Question

Question #ef835

Answer 1

It is stated in the problem `UF_6` reacts with water to form a gas containing 95% F and 5% H along with a solid compound of U,F and O.
This compound is formed due to replacement of F atom by O atom.
The oxidation state of O is -2 and that of F is -1 in the compound.So each O atom will replace 2 F atoms.If x atom of O is present in the compound formed then F atom in the compound will be `(6-2x)`.
Let the molecuar formula of the formed by the action of water on `UF_6` is `UF_(6-2x)O_x`

Considering atomic masses as

`U->235"g/mol"`

`F->19"g/mol"`

`O->16"g/mol"`

`H->1"g/mol"`

The percentage composition of constituent elements in the gas `H-5% and F-95%` So the ratio of number of atoms of H and F in the compound
`H:F=5/1:95/19=5:5=1:1`

So the compound is HF (Hydrogen fluoride)
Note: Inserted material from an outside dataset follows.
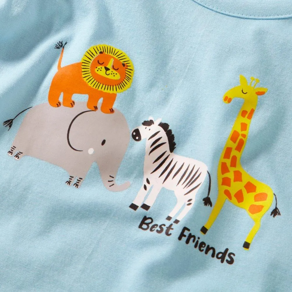 Комплект из двух трикотажных пижам для мальчика. Симпатичный принт с изображением животных из джунглей сверху и соответствующий низ с принтом, а также эластичная талия. Код стиля: 01-BPJ14.
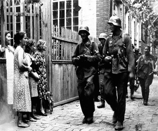 Встреча немецких войск жителями города (не позиционированный снимок)

So the balanced equation of the reaction may be written as

`UF_6+xH_2O->UF_(6-2x)O_2 +2xHF(g)`

It is given that 3.730g `UF_(6-2x)O_x` is formed from 4.267g `UF_6`

So `("molar mass of "UF_(6-2x)O_x)/("molar mass of "UF_6)=3.730/4.267`

`=>(235+19(6-2x)+16x)/(235+19xx6)=3730/4267`

`=>349-22x=349xx(3730/4267)~~305`

`=>22x=349-305=44`

`=>x=2`

Hence MF of the compound formed

`UF_((6-2*2))O_2=color(red)(UF_2O_2)`

The blanced equation becomes

`UF_6+2H_2O->UF_2O_2 +4HF(g)`

It is evident from above equation that among 6 F atoms in original compound `UF_6` 2 atoms go to form the solid molecule of `UF_2O_2` and 4 atoms go to form four `HF(g)` molecules.

Hence `2/6=1/3=33.3%` goes to form the solid compound and `4/6=2/3=66.7%` goes to form gaseous molecules of HF.